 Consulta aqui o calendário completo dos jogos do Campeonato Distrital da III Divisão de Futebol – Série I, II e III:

★ ★ ★ ★

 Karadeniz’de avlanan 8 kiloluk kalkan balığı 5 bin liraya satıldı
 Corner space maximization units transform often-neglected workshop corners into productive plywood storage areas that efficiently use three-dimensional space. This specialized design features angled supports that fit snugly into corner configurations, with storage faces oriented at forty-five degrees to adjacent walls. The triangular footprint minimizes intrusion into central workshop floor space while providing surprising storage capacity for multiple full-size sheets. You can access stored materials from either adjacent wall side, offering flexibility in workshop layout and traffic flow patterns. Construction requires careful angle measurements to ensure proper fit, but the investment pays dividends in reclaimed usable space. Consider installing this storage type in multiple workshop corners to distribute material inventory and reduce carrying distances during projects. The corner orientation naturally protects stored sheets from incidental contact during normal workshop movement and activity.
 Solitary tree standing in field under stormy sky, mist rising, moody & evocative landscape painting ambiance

★ ★ ★ ★

=== Task instructions ===
The lines above starting at the one that contains "Karadeniz’de avlanan 8" and ending at the one that contains "Solitary tree standing" must be transcribed exactly, and no other lines may appear.

=== Output ===
 Karadeniz’de avlanan 8 kiloluk kalkan balığı 5 bin liraya satıldı
 Corner space maximization units transform often-neglected workshop corners into productive plywood storage areas that efficiently use three-dimensional space. This specialized design features angled supports that fit snugly into corner configurations, with storage faces oriented at forty-five degrees to adjacent walls. The triangular footprint minimizes intrusion into central workshop floor space while providing surprising storage capacity for multiple full-size sheets. You can access stored materials from either adjacent wall side, offering flexibility in workshop layout and traffic flow patterns. Construction requires careful angle measurements to ensure proper fit, but the investment pays dividends in reclaimed usable space. Consider installing this storage type in multiple workshop corners to distribute material inventory and reduce carrying distances during projects. The corner orientation naturally protects stored sheets from incidental contact during normal workshop movement and activity.
 Solitary tree standing in field under stormy sky, mist rising, moody & evocative landscape painting ambiance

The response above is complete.